Duygusal yönü çok romantik ve hoş olmasına rağmen, sadece bizde değil, bütün dünyada “Sevgililer Günü”nün ticari bir unsur haline geldiğini hepimiz biliyoruz. Ama yine de ne olursa olsun, kim ne derse desin deyip, çam sakızı çoban armağanı cinsinden sevgilisi olanlar, gerektiğinde güçlerinin üstünde ödeme yaparak bir hediye almanın gayretinden vazgeçmiyorlar.

Bir soru sormuştuk, arada kaynayıp gitmesin isterseniz, yeniden gündeme getirelim: Eşiniz sevgiliniz mi, değil mi?

Sorunun cevabı için ciltler dolusu kitap yazılabilir. Felsefe yapmaya çok müsait bir konu. Ancak hayatın acı gerçekleriyle yüzleşirsek, maalesef evlilerin çok büyük bir çoğunluğu eşlerini sevgili olarak görmüyorlar, ya da göremiyorlar.

Halbuki nadir de olsa, eşini aradan geçen yıllara rağmen sevgili modunda seven çiftler de yok değil. Ne kadar saygı duyulası bir durum...

Şimdi pek çoğunuz eminim, “evlilik aşkı öldürüyor” gibi bir yalana sığınma ihtiyacı hissedeceksiniz. Yani sürekli tekrarlanan benzer şeyler, insanda bir bıkkınlık oluşturabilir, doğrudur. Ama o bıkkınlığı yaratmayacak yenilikler bulmak sizin elinizde…

Flört döneminde her yemeği farklı ve pahalı bir restoranda yedirmek, her kahveyi afili mekanlarda içirmek, her özel günde yepyeni orijinal bir hediyeyle sevindirmek için elinizden geleni yaptığınız sevgiliniz, sizinle evlendikten sonra, her akşam “bugün ne pişirdin” sorusuyla karşılaşırsa, dışarıda yemek yemeyi unutursa, her teklif ettiğinde, “şimdi bir çay, kahve içmek için dışarı mı çıkılır” cevabıyla karşılaşırsa, karşınızdaki kişi nasıl “sevgili” olarak kalsın ki?

Gerçekten sevdiği için ona hediye alan, sadece onu mutlu etmek için değişik yerleri gezdiren, farklı mekânlarda yediren içiren insanlar, hayatta ruh eşi olarak nitelendirdikleri kişiye, ömür boyu sevgilerini vermeyi başarırlarsa, evlilik bile aşkı öldürmez, öldüremez.

Başlangıçta, “bizim aşkımız bambaşka” iddiasında bulunanlar, evlilik sonrası nedense toplumun geneline ayak uydurmaya bayılıyorlar.

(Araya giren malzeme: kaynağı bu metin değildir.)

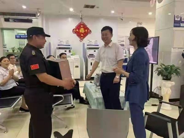 5月18日下午,中原銀行安陽分行零售部總經(jīng)理王國賓和副總經(jīng)理暴潔,專程到老槐樹支行慰問并表揚人防四大隊派駐這里的保安隊員許文革,對許文革盡職盡責的工作態(tài)度給予高度贊揚。
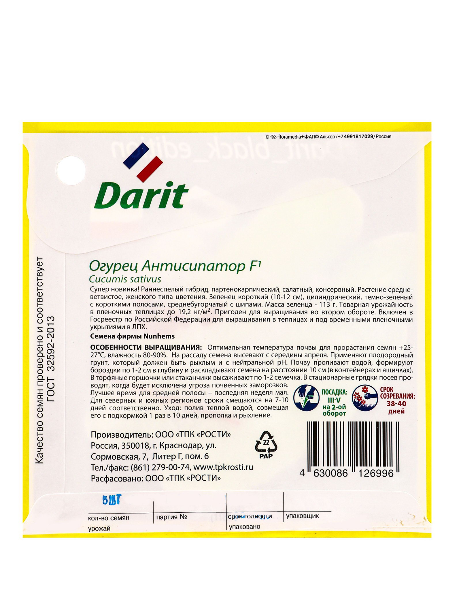 Семена Огурец Антисипатор F1 Дарит Black Edition 5шт, Агроуспех, Россия
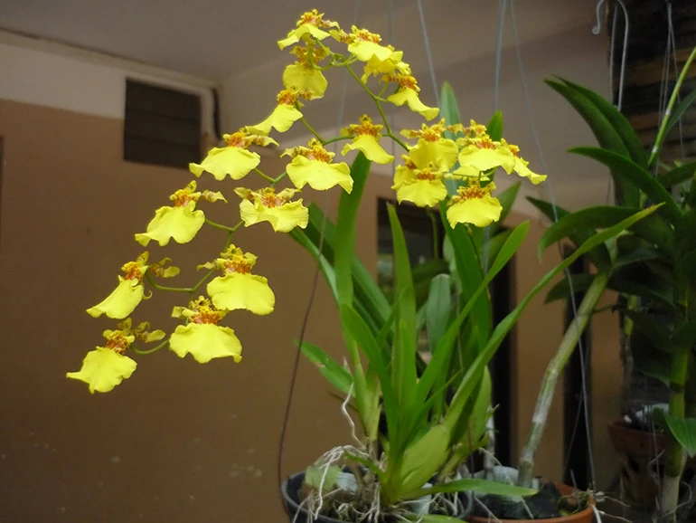Dáng hoa mảnh mai như váy múa, màu vàng tươi sáng – lan vũ nữ thường được xem là loài hoa mang năng lượng dương mạnh, kích hoạt tiền tài và quý nhân.
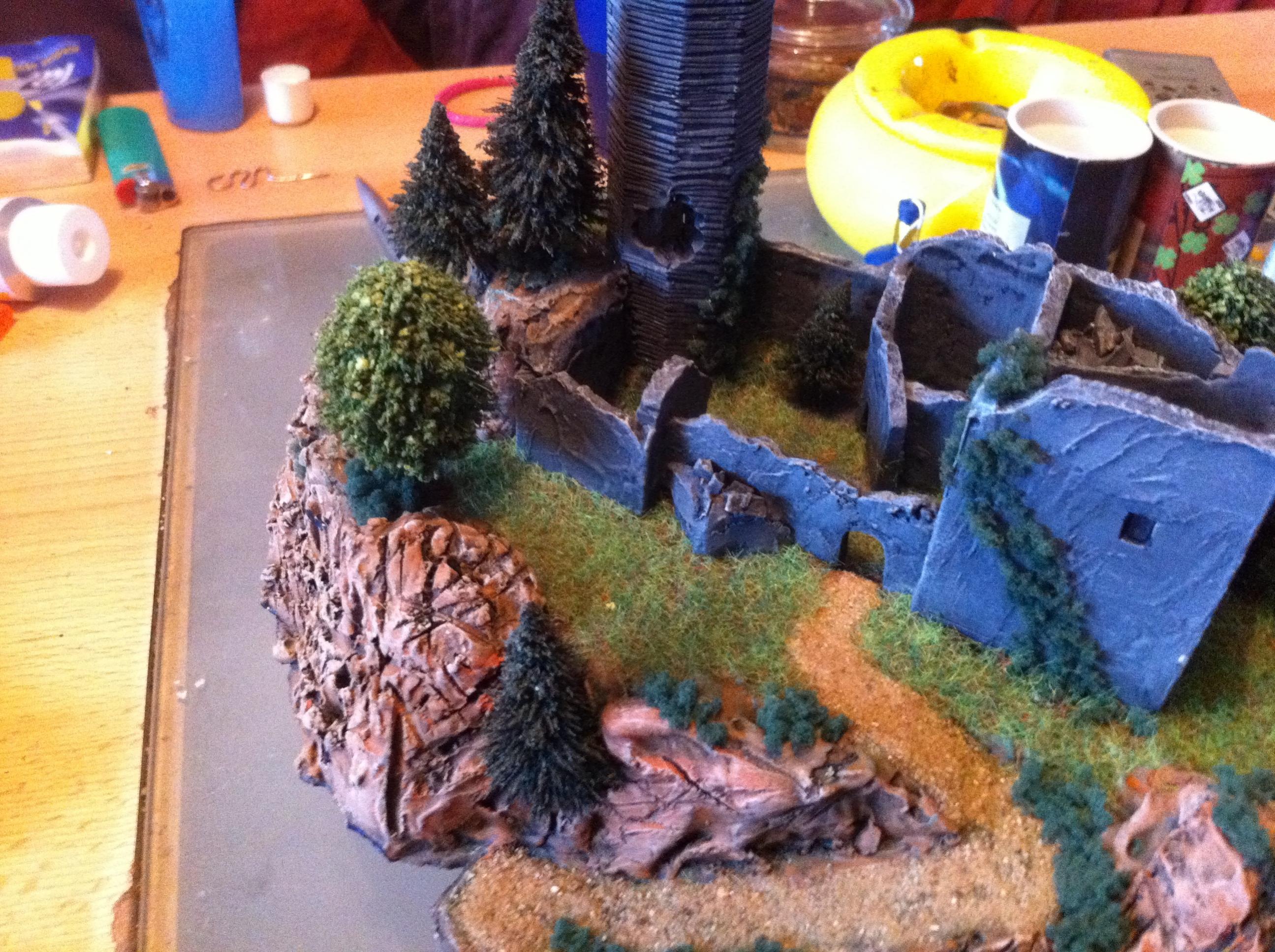 Nachdem der Rohbau der Ruine stand, habe ich den Sockel mit Styropor erhöht und mit Gips verspachtelt.
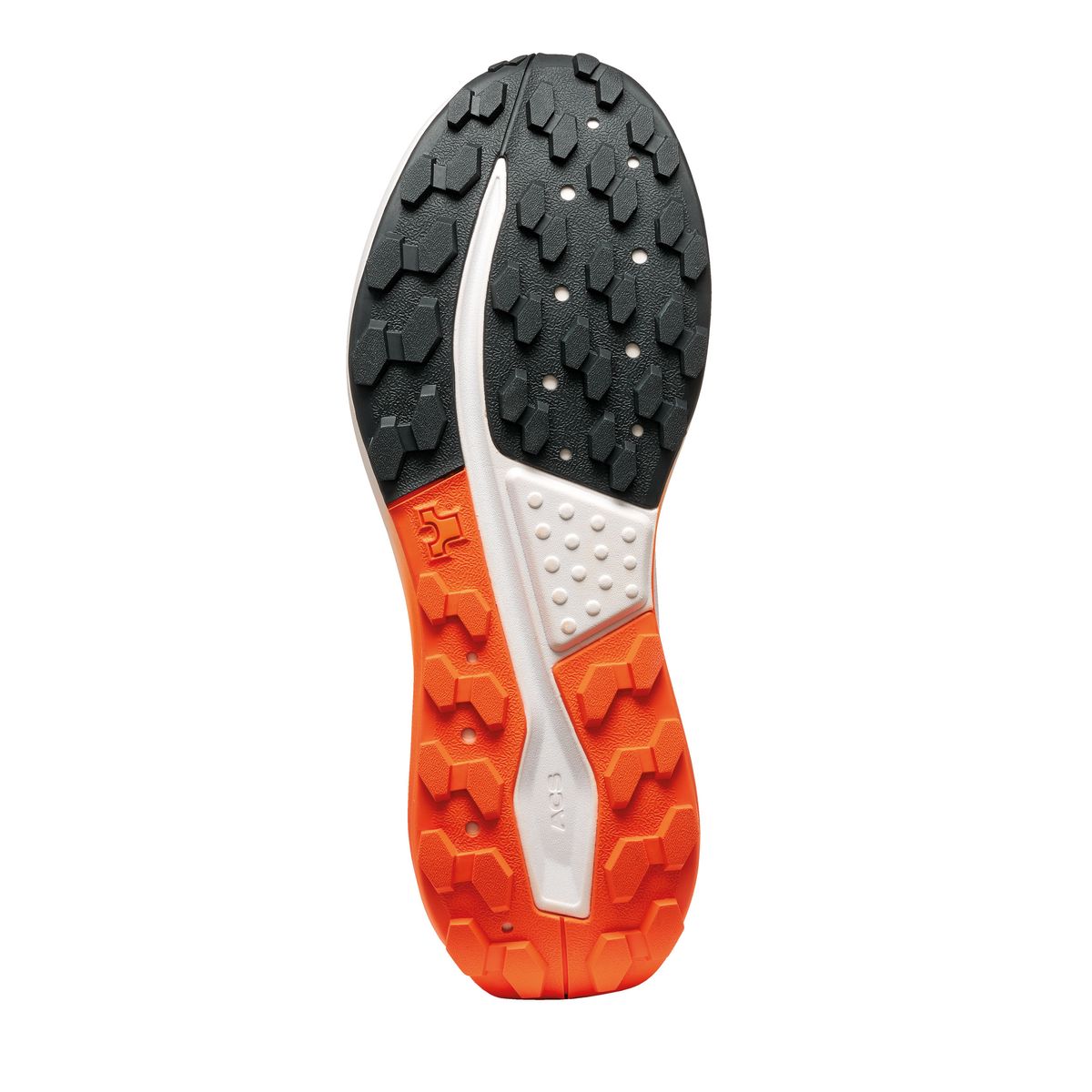 Die durchgehende Zwischensohle aus EVA + 20% PEBA bietet weiche, reaktionsfreudige Dämpfung und Komfort über lange Strecken. Das integrierte Adaptive Control System (ACS) lässt die Zwischensohle auf unterschiedlichen Untergründen flexibel reagieren, sodass du stabil und souverän unterwegs bist.
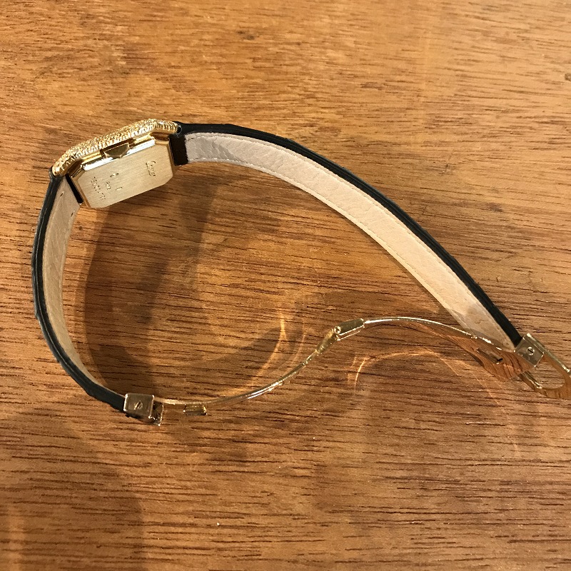 | 既に廃盤の1980年代製。オクタゴンケースの直線の美しさが印象的な『ミニサンチュール』のご紹介です。ローマンダイヤルにブルースチール針、純正の3連ラグダイヤがとても素敵です。エレガントを極めたカルティエらしさの詰まった一本です。初期のイエローゴールド製デプロイメントバックル (Dバックル)が付属しており、レザーバンドのサイズ調整が出来ない初期モデルです。現在では考えられないサービスですが、顧客一人一人に合わせてレザーバンドを制作し納品していた事が解るこのDバックルは、特別感があり、何でも買える時代に待たなければ買えない不便さを、待つ事の喜びを教えてくれる貴重なアイテムです。カルティエのサービス同様、ご購入のお客様には、クロコサイドシャイシー仕上のレザーブレスのオーダーをお付け致します。 |
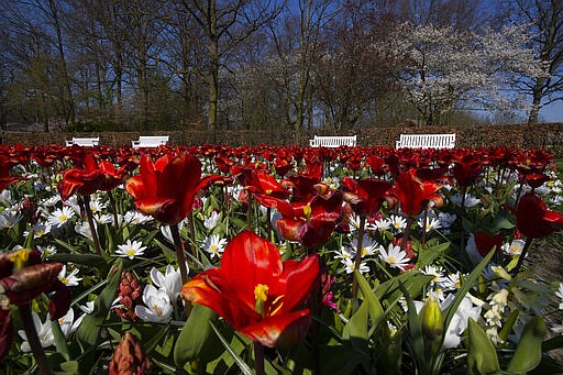 Lanes and benches void of visitors are seen at the world-renowned, Dutch flower garden Keukenhof which was closed because of the coronavirus, in Lisse, Netherlands, Thursday, March 26, 2020. Keukenhof will not open this year after the Dutch government extended its ban on gatherings to June 1 in an attempt to slow the spread of the virus. Instead of opening, it will allow people to virtually visit its colorful floral displays through its social media and online channels. The new coronavirus causes mild or moderate symptoms for most people, but for some, especially older adults and people with existing health problems, it can cause more severe illness or death. (AP Photo/Peter Dejong)
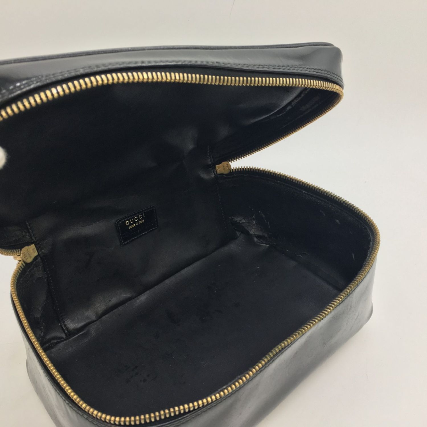 GUCCI グッチ 化粧ポーチ バニティバッグ ポーチ エナメル ブラック バンブー 032・200159・0150 ブラック 内部剥がれ・劣化あり
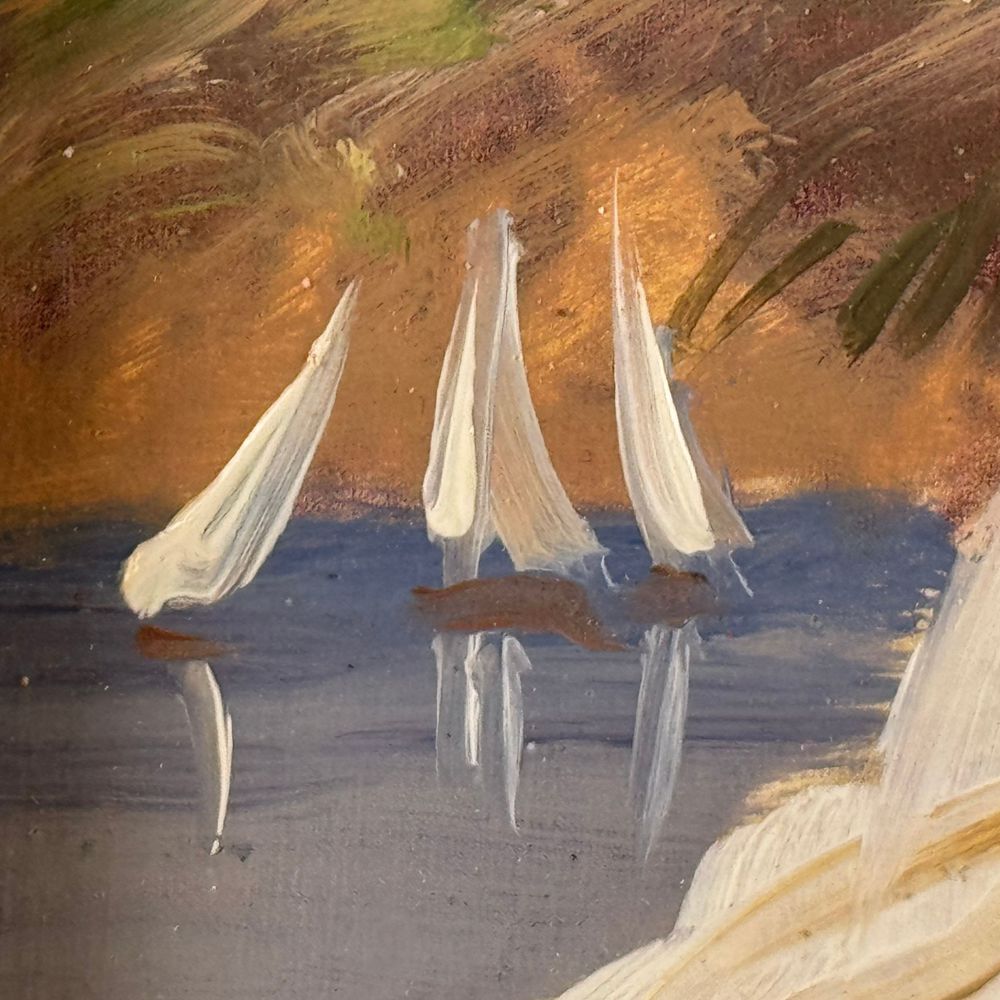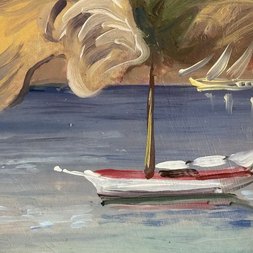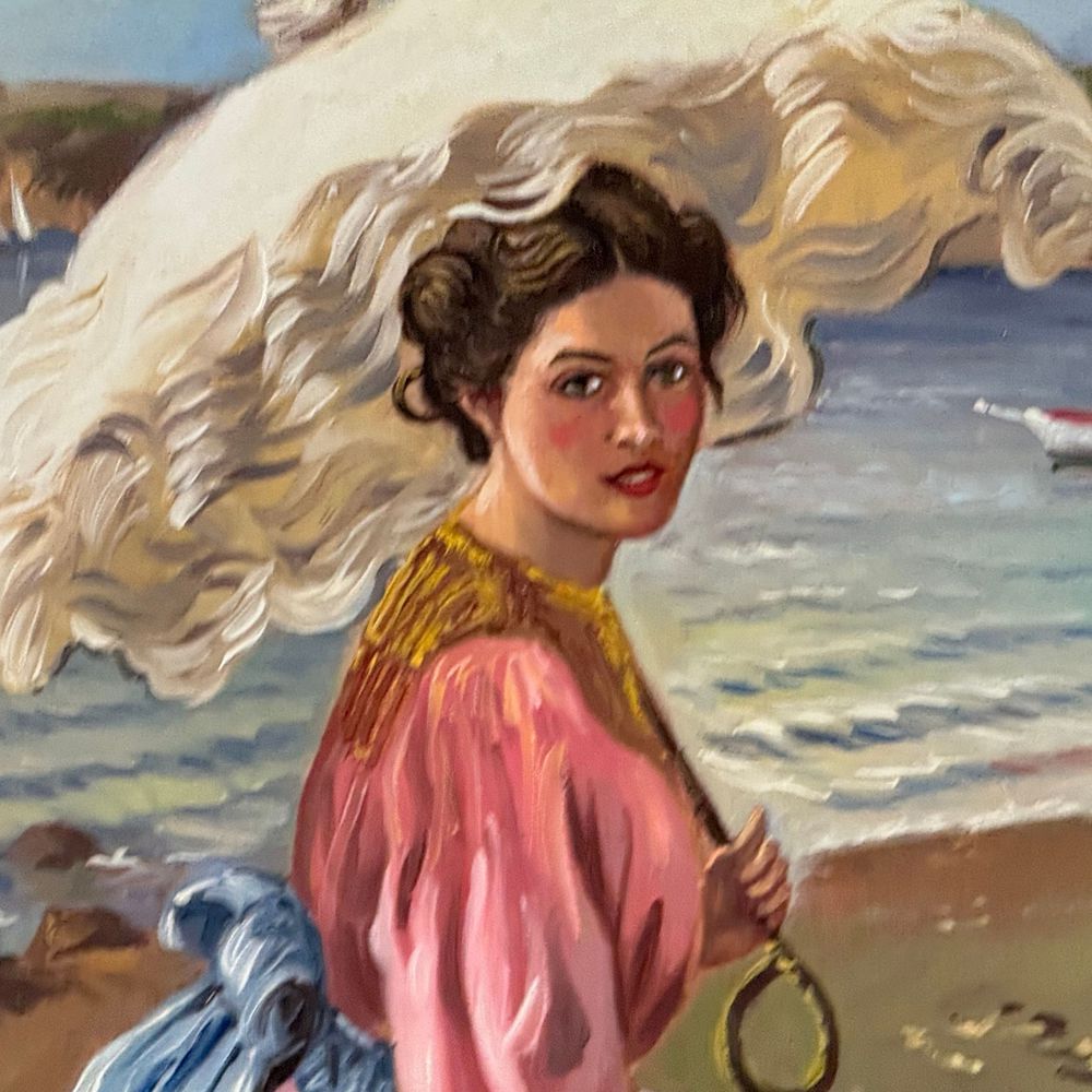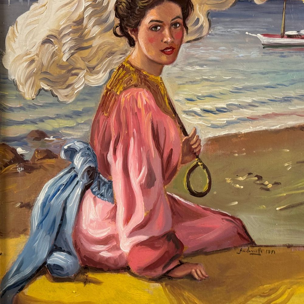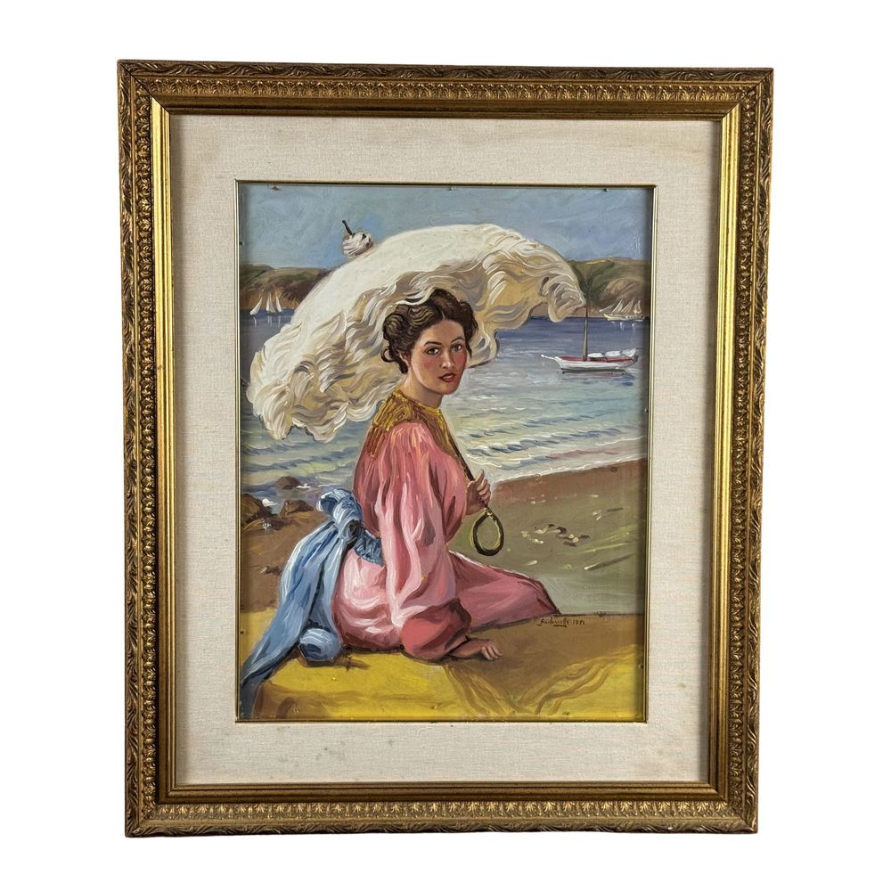 Dipinto olio su pannello, periodo XX secolo scuola Italiana, raffigurante Ritratto di donna con ombrellino su marina. Dimensioni interno cornice: 35x45 cm. Dimensioni compreso cornice: 53x63. Reca firma in basso a destra da artista non identificato. Opera in buone condizioni.
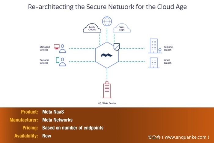 主要特性:Meta NaaS 为一个全球化的虚拟覆盖网络提供了一个全球主线路,可基于身份识别策略在一个软件定义型周边中传输数据和保护数据。审计和分析工具支持异常检测和服从性检测。
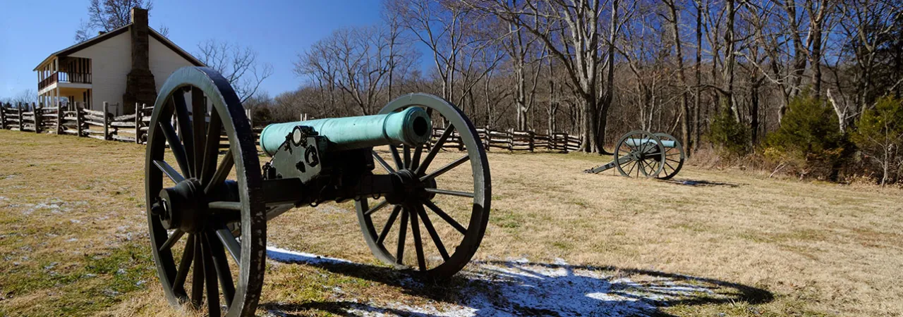 Overwhelmed in front and on both flanks, the Union regiments around Elkhorn Tavern fell back through a maze of fences and outbuildings. Now the only Union presence was a hodgepodge of guns from different batteries arrayed in a semi-circle on Telegraph Road. The artillerymen worked frantically to limber up their weapons and escape. In a final act of defiance they fired a ragged salvo of canister into the faces of the oncoming Confederates. Stunned survivors of the murderous blast stumbled forward and captured two of the smoking guns, but the Federals took advantage of the chaos and rolled to safety with all of their other guns and caissons.

En büyük savunmamız da “Herkes böyle yapıyor.” Öncesinde “herkesten farklı olma” duygusu ve iddiası, neden sonra yerini, “herkes gibi olmaya” bırakıyor ki?

Burada belki toplumsal olarak bizi etkileyen faktörlere de eğilmemiz lazım.

Hani şimdi gençlerin flört dedikleri geçici bir ilişki peşinde olanların, sırf karşılarındakini tavlamak için yaptığı aksiyonları bir kenara bırakalım. Ciddi olarak evlenme niyetiyle karşı cinse yaklaşan herkesin, olağanüstü bir durum olmazsa bu beraberliğin ömür boyu süreceğini düşünerek adımlarını atması lazım.

Geçici ve göz boyayıcı hareket ve davranışlar yerine, hayat boyu sürdürülebilir gerçek bir sevgi üzerine evlilik inşa edilirse, herhalde “sevgililik” hiç sona ermez.

Söylemesi kolay, yapması zor bir şeyden bahsettiğimin farkındayım.  Sevgililer günü heyecanı ortalığı sardıkça, bazılarımızın aklından, “bu kadar masraf niye yapılıyor ki, bir sürü fakir fukara yardıma muhtaç insan var, sokaklarda çöp toplayan çocukların halini görüyorsunuz, harcanan o parayla ihtiyacı olanlara yardım edilse” gibi şeyler geçtiğine eminim.

Fakat sevgilisine bu özel günde bir jest yapmayı planlamış insanların hiçbiri, böyle bir fedakârlığa evet demeyecekledir. Durumu iyi olanlar da “tamam onlara da yardım edelim, ama niye böyle özel bir günde başka hiçbir zaman duyamayacağımız o heyecanı yaşamayalım ki” deyip karşı çıkacaklardır.

Kaç yıllık evli olursanız olun, bugüne kadar sevgililer günüyle ilgili yaşanmış bir hatıranız da ister olsun ister olmasın, siz bu 14 Şubat’ta, hiçbir şey alamıyorsanız, Romanlardan eşinize bir çiçek alıp verin, beklenmedik bir sürpriz yapın. İnanın sizin bir “sevgili” olduğunuz hemen hatırlanacaktır. 

Denemeye var mısınız?

Genç-yaşlı bütün okuyucularımın “Sevgililer Günü”nü kutluyor, ömür boyu “sevgili” tadında bir hayat sürmelerini temenni ediyorum.